149. Organization Expenses. Expense of organization may not be deducted. When a corporation is formed it must pay a fee to the state which issues its charter, filing and recording fees, lawyers' fees, charges for publication of notices, and other expenses incidental to organization. These are regarded as the cost of the franchise or charter, which is a permanent asset of the corporation, and not as expenses of “maintenance and operation"; such expenses should therefore not be included in the deductions from the income of the first year. As the franchise is not physical property and cannot be subject to exhaustion by wear and tear, no claim for depreciation may be made. Where a franchise has a limited duration or is of value for only a limited period, a deduction is allowable on the same principles as the amortization of a patent; or when the corporation is finally liquidated and dissolved, the cost of the franchise may be charged off as a loss, since there is an actual disappearance of property.

Interest Paid.

150. Interest on Personal Indebtedness. An individual may deduct interest paid upon his own indebtedness without any restrictions as to amount, but may not deduct interest upon indebtedness incurred for the purchase of securities, the interest upon which is exempt from income tax.
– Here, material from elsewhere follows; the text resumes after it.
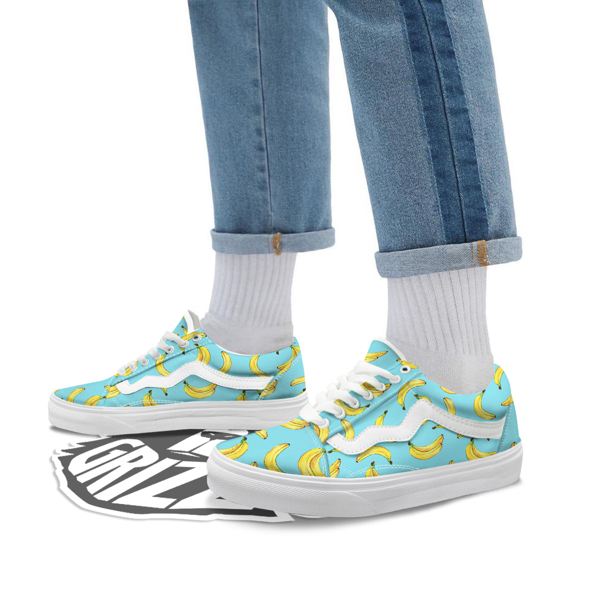 Banana Watercolor Print Pattern Skate Shoes

In other words, a man may not borrow money to buy state or municipal bonds, use the exempt income from such bonds to pay the interest on the loan, and then deduct from the remainder of his taxable income an amount equal to the interest so paid. This applies also to corporations. Interest is deducted when paid, and it is not material when it accrued; for example, the interest for five years on a promissory note which has been that long over-due must nevertheless be deducted when paid. The interest must be upon personal indebtedness; interest paid upon the debt of another, for example, pursuant to a guaranty, is not deductible.